One day he’ll sit by the window and watch for Santa of course,
And there will be another little cowboy getting his first horse.


© 2014, Bill Hickman
This poem may not be reprinted or reposted without the author's permission.



 The Christmas Present

An old cowboy closed the ‘ol barn door,
Then headed for the warmth of the house.
A Christmas poem ran thru his head,
About, “not even a mouse.”

The stars shined ever so brightly,
Twinkling in the sky tonight.
They’d showed the way to Mary’s baby
He then quietly sang, “Silent Night.”

Looking up to the heavens he smiled,
He sure was blessed to finally see,
What God had laid out for this cowboy
And just how all this life should be.

God’s goal seemed to be every Christmas
Was for him to live to see one more,
To feel and see the important things,
Remembering what went on before.

So he thought about the warmth inside,
Family, and all the Christmas cheer.
That he would feel it all again
The things he loved so near and dear.

Then he thought he heard ‘ol Santa’s sleigh,
Looking up, he knew that he was sure.
He saw the man in the bright red suit,
Christmas seemed to still be just as pure.

Brought a new horse once again this year,
To a little girl asleep upstairs,
And no matter how you know Santa,
This ol Santa brought it with care.

She would ride and see ‘ol Grandpa’s ranch,
She’d gather cattle with this old man,
She’d ride and rope like cowgirls of old,
It'd teach her to be all that she can.

Morning he’d hear screams, of wild delight
“Let’s ride now”; he knew what she will say,
And he knew that his Christmas present
Would be his—when they rode each day.

© 2015, Bill Hickman
This poem may not be reprinted or reposted without the author's permission.





Waking up a Cowboy


Waking up for a rodeo cowboy is hard late in life,
My moans and groans, seem to always bring strange looks from my wife.
She tells me to quiet down already, so she can get some sleep,
But I can’t because the pain is irregular and yes, deep.

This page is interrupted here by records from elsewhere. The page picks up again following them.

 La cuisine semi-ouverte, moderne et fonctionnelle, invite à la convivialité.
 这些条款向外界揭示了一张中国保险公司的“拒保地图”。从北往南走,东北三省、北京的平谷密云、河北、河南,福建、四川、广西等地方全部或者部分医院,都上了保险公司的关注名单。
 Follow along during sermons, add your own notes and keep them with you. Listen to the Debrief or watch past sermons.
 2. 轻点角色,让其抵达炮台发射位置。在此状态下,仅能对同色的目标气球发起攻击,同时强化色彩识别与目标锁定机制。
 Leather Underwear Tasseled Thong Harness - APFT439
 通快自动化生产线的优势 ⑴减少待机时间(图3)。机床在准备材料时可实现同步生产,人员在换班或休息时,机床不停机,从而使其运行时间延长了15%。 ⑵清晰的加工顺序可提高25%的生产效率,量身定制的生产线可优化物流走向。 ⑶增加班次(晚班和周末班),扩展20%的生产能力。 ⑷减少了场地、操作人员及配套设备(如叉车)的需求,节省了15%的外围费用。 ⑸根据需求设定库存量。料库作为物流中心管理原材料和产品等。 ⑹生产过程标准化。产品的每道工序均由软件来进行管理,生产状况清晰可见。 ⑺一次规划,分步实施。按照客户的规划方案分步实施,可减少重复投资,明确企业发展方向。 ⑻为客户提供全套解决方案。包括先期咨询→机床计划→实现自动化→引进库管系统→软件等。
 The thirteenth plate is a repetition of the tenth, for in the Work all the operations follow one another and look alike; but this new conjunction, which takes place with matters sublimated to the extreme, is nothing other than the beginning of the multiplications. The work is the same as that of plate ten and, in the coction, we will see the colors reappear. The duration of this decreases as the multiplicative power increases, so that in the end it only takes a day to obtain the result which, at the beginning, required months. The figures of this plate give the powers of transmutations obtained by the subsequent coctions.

There was that bull in Abilene that stepped right on my shin,
Then that crazy bronc in Phoenix that stepped right there again.
They shoot a sharp twinge each and every morning getting my weight,
The twist they cause each time hits my back which isn’t great.

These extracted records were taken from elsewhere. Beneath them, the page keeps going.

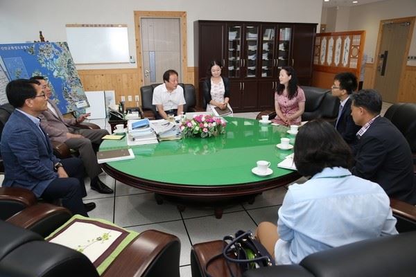 [짱시아오메이 광주 부총영사(오른쪽에서 세 번째)가 20일 신안군을 방문해 고길호 군수 및 관계자들과 환담을 나누고 있다.]<br />
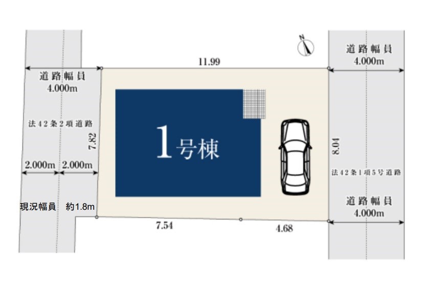 | 駐車場 | 1台 | 道路の幅員 | 1号棟:南東4m 北西1.8m |
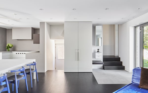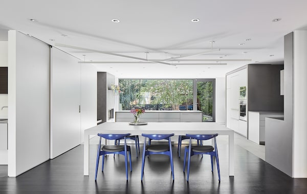 That level of detail, of course, carries inside. Step inside the cozy foyer and everything is precise, angular, logical. The colour palette is all warm greys, creamy whites, and a muted wood grain in the Bulthaup kitchen. Shelves float and walls slide to change room configurations. And absolutely nothing hinders the view of the lush, green backyard. The eye is surprised only by the aforementioned sofa and Hans Wegner dining chairs in a matching – and very striking – cobalt blue.
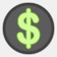 Pegatinas de divisas con un símbolo o signo de dólar verde en un fondo gris y negro. Disponible en muchos colores.
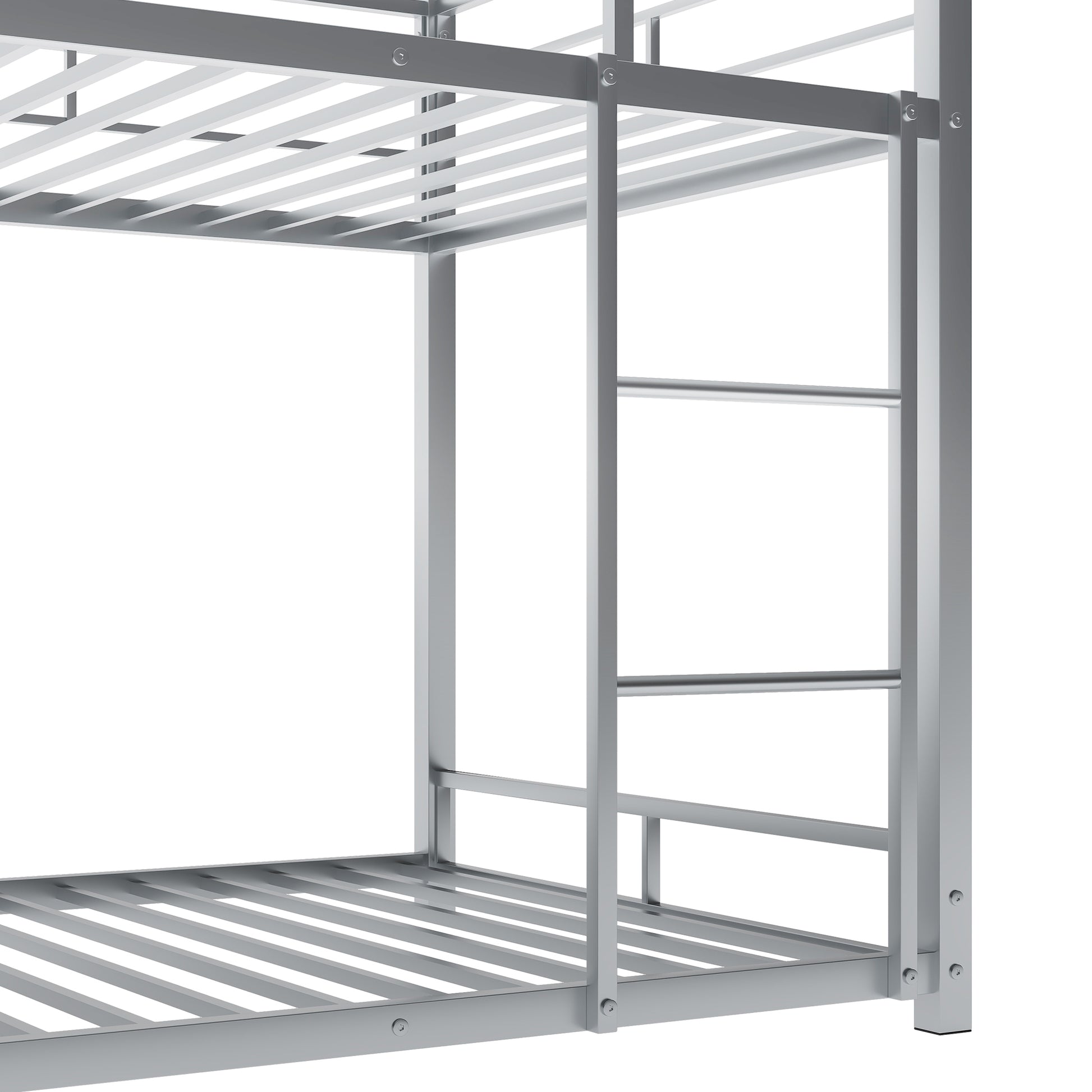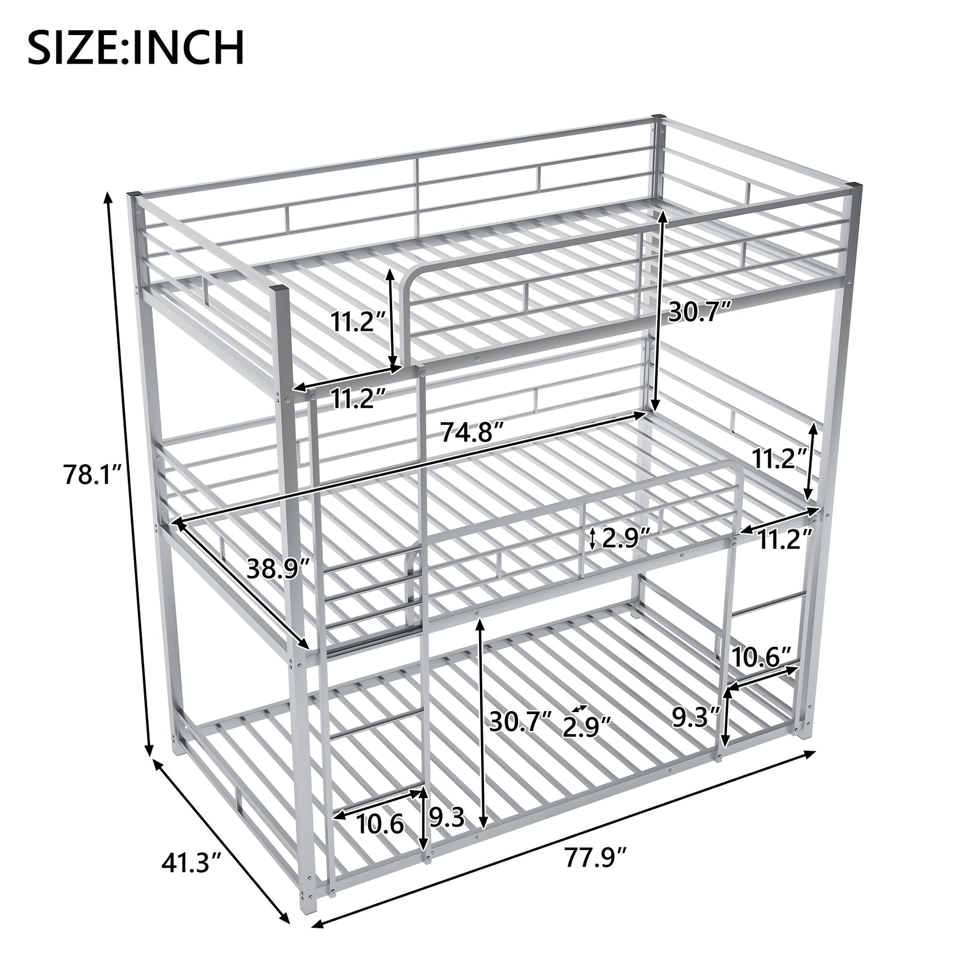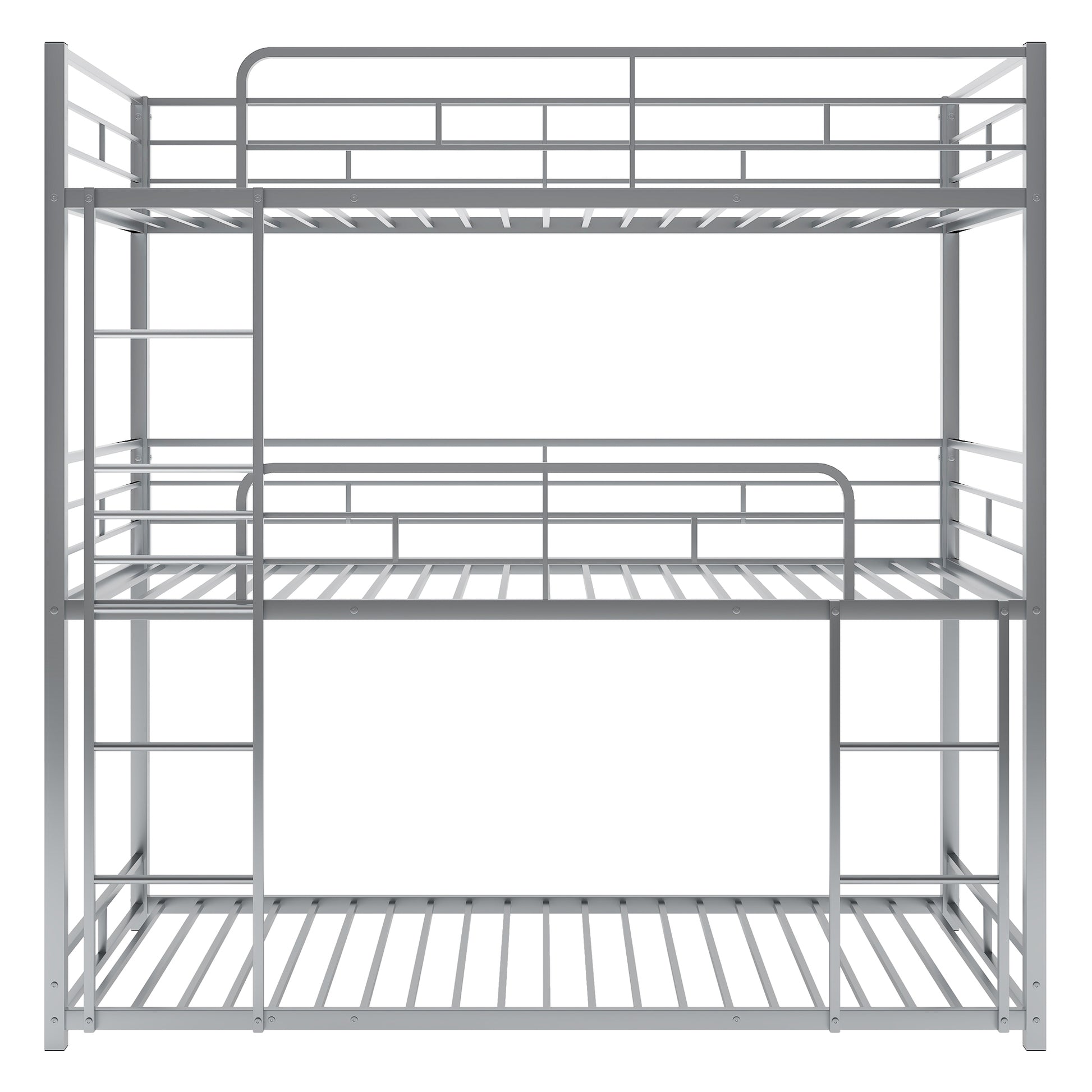 This triple bunk bed is perfect for family which has multiple members. Bunk design is space-saving and two ladders are attached to bed which provides easy access to top bed and middle bed. Constructed with heavy duty metal, the stacking three beds is securely strong and steady. Equipped with easy access slat guardrails keep your members snug and secure. With space-saving design and sturdy construction, this bed will provide great experience.

Then there’s my left arm from Cheyenne that was darn near torn off,
My neck was jarred everywhere, hitting hard dirt missing soft.
I sit and wait for parts to wake up different each day,
Seems each part has different schedule, that’s a price I pay.

When I was climbing up in those chutes, the nodding of my head,
Didn’t think my future be so hard just getting out of bed.
Once my morning ordeal is over I’m raring to go,
But each night as I lay down know getting up will be slow.

Some have asked me if it was worth it each and every day,
I say yes it was because it’s how cowboys get to play.
Ranching serious business, but rodeos that there’s fun.
I think this each day, only - when the pain subsides and is all done.

© 2015, Bill Hickman
This poem may not be reprinted or reposted without the author's permission.




  About Bill Hickman:

I live 10 miles outside Ennis, TX, in a small rural Texas town, approximately 45 miles south of Dallas, TX. I have a small ranch with 4 1/2 horses, (one mini horse, four standard size). I enjoy all aspects of horse activity am fortunate to have enough property/pasture to ride all around on our property and wonderful neighbors that will let me ride on theirs. I do as much horse activities as my property will allow, since keeping the pastures and a small ranch take quite a bit of my time. Two of my horses are finished roping horses, ranched trained, cowey that I can do almost anything with from any type of cattle activity to long trail rides. My other two are one retired mare and one young one that needs lots of finish work. I enjoy living out of town, the quiet, and the wonderful people of Texas.